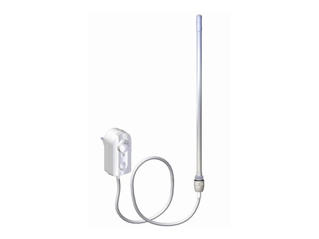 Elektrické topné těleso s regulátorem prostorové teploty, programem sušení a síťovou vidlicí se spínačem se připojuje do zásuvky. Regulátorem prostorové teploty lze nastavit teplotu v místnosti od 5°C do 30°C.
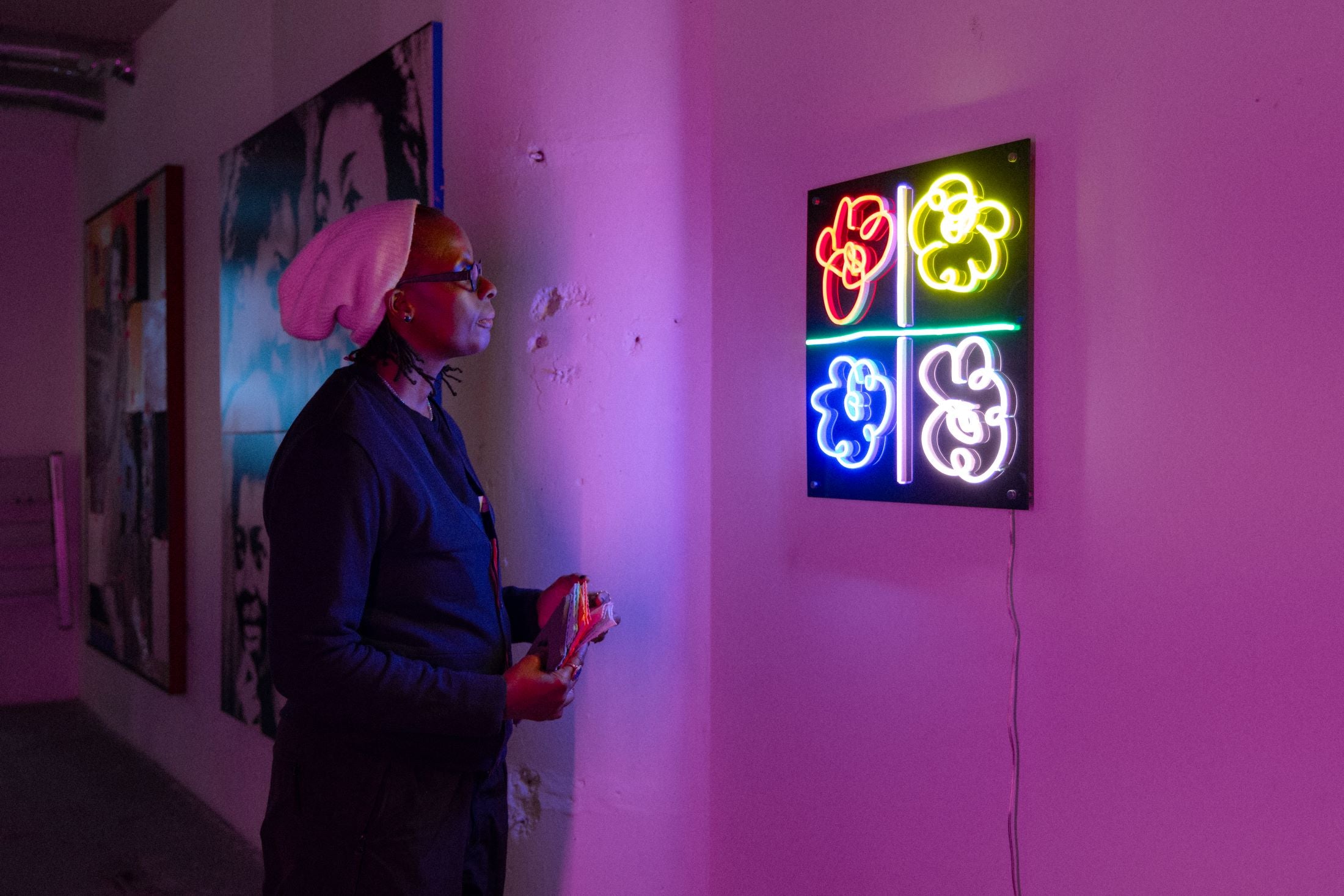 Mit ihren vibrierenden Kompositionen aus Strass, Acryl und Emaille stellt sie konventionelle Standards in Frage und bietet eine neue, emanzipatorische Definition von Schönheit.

...

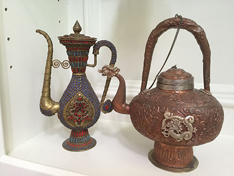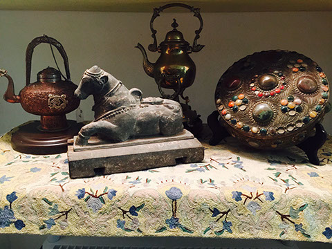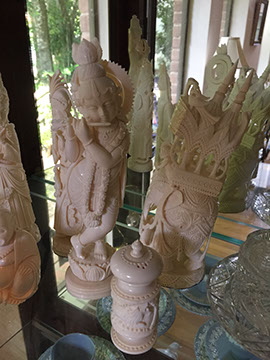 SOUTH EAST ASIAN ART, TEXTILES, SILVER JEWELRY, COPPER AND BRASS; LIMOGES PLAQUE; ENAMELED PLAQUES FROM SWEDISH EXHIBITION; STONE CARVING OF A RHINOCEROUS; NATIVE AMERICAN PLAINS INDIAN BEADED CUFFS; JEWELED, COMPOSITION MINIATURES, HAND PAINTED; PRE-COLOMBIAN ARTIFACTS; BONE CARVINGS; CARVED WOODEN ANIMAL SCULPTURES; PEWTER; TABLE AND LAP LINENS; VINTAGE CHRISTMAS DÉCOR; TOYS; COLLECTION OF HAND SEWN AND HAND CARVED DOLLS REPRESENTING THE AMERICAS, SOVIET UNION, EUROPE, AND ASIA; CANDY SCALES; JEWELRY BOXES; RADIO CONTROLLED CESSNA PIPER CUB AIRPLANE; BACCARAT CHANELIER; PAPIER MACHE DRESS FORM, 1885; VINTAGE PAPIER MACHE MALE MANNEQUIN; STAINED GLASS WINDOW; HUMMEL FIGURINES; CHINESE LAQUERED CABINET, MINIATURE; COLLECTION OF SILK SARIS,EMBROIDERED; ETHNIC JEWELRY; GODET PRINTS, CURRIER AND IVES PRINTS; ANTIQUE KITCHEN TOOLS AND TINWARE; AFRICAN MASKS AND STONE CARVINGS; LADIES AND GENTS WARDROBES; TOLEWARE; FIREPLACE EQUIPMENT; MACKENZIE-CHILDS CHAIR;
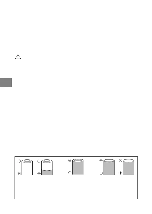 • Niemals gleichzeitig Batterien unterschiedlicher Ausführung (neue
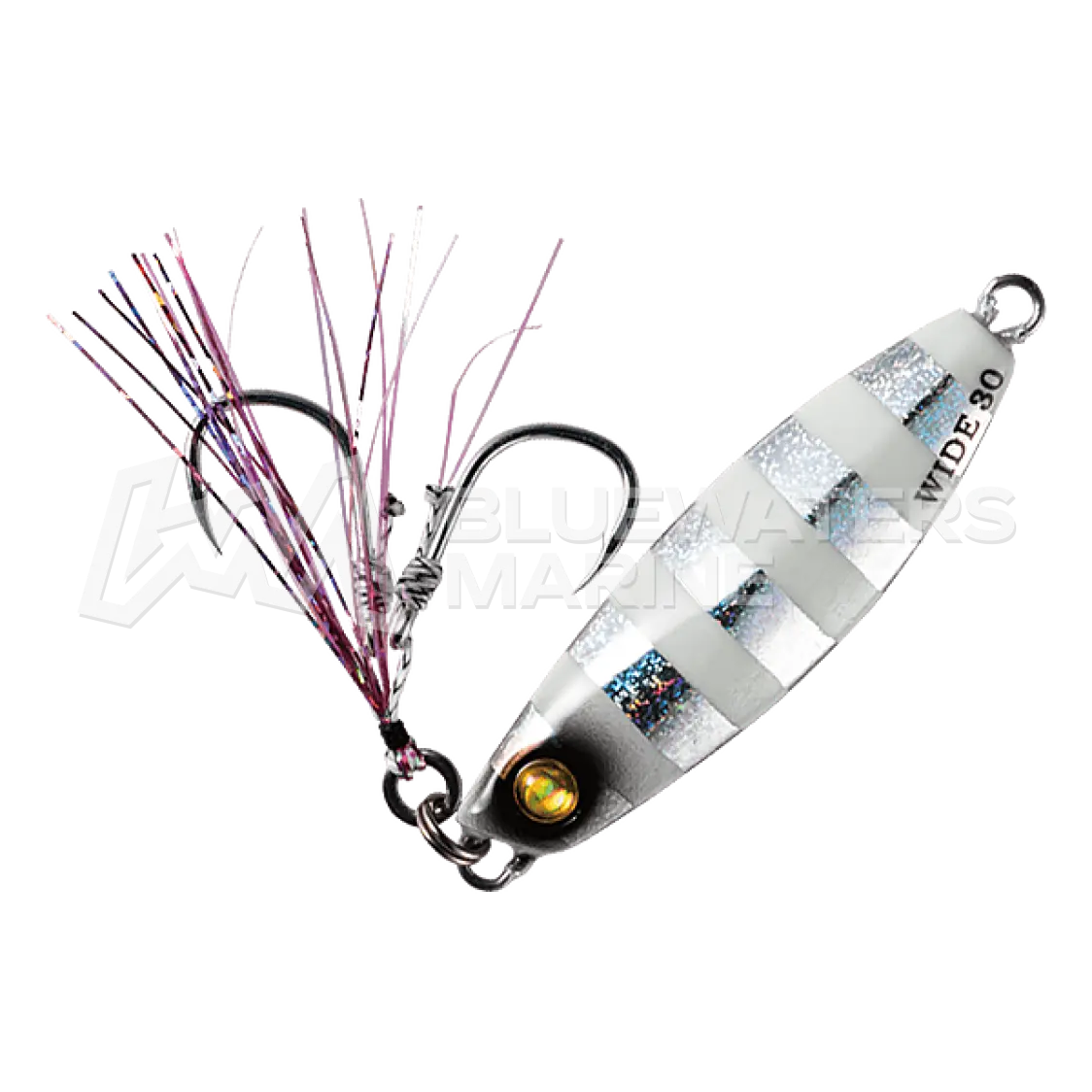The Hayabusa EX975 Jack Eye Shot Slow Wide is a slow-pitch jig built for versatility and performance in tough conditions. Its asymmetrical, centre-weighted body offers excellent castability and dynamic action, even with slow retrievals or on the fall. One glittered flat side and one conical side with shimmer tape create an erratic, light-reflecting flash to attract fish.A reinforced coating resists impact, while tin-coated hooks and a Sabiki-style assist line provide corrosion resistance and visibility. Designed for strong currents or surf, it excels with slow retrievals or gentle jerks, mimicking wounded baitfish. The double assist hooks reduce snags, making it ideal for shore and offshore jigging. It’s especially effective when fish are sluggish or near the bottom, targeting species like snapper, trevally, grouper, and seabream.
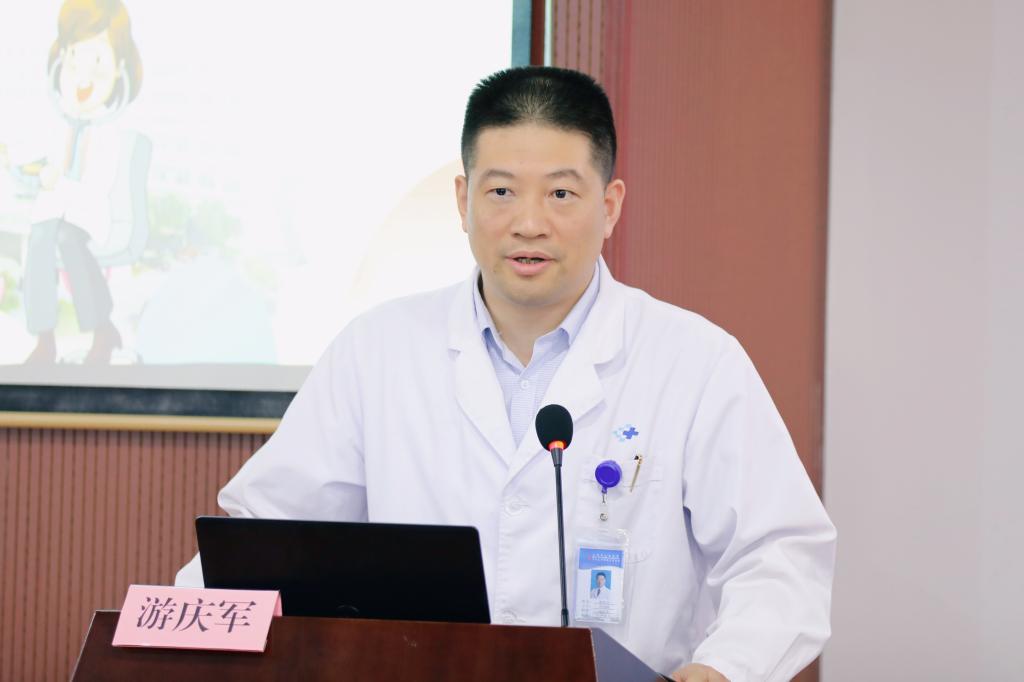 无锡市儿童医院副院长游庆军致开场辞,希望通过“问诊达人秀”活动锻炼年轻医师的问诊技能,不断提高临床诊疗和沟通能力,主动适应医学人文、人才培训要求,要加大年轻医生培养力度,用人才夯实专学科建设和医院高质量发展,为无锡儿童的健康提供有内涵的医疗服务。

==

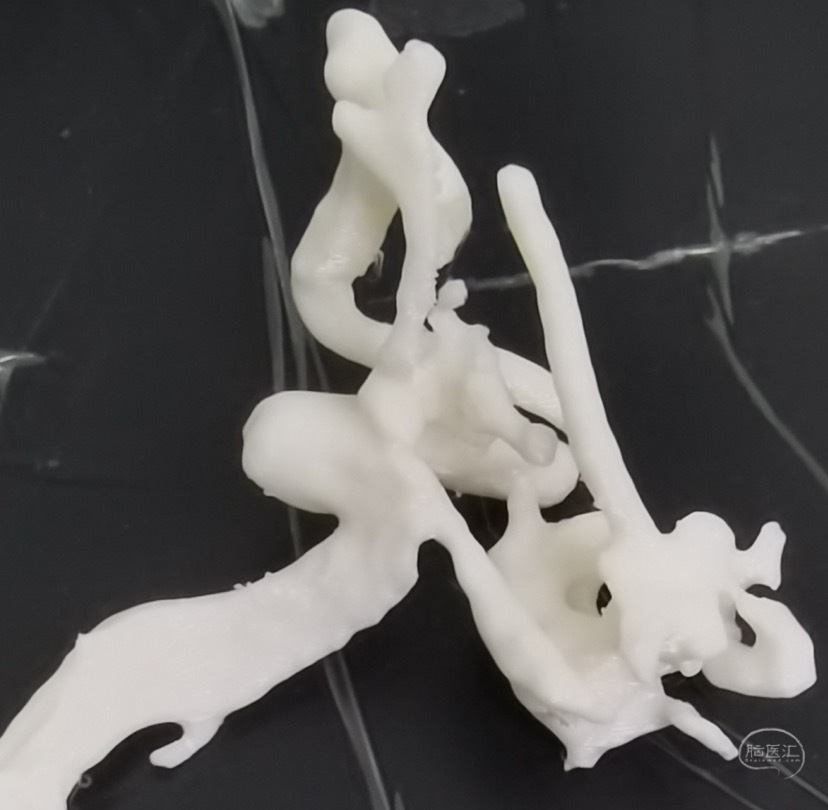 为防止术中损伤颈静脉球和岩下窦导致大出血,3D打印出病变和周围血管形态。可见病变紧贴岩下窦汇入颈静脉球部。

**What you are asked to do**
Reproduce the data above exactly, but only from the line containing "unterschiedlicher Ausführung (neue" through the line containing "无锡市儿童医院副院长游庆军致". Omit all pictures.

**Completed task**
 • Niemals gleichzeitig Batterien unterschiedlicher Ausführung (neue
The Hayabusa EX975 Jack Eye Shot Slow Wide is a slow-pitch jig built for versatility and performance in tough conditions. Its asymmetrical, centre-weighted body offers excellent castability and dynamic action, even with slow retrievals or on the fall. One glittered flat side and one conical side with shimmer tape create an erratic, light-reflecting flash to attract fish.A reinforced coating resists impact, while tin-coated hooks and a Sabiki-style assist line provide corrosion resistance and visibility. Designed for strong currents or surf, it excels with slow retrievals or gentle jerks, mimicking wounded baitfish. The double assist hooks reduce snags, making it ideal for shore and offshore jigging. It’s especially effective when fish are sluggish or near the bottom, targeting species like snapper, trevally, grouper, and seabream.
 无锡市儿童医院副院长游庆军致开场辞,希望通过“问诊达人秀”活动锻炼年轻医师的问诊技能,不断提高临床诊疗和沟通能力,主动适应医学人文、人才培训要求,要加大年轻医生培养力度,用人才夯实专学科建设和医院高质量发展,为无锡儿童的健康提供有内涵的医疗服务。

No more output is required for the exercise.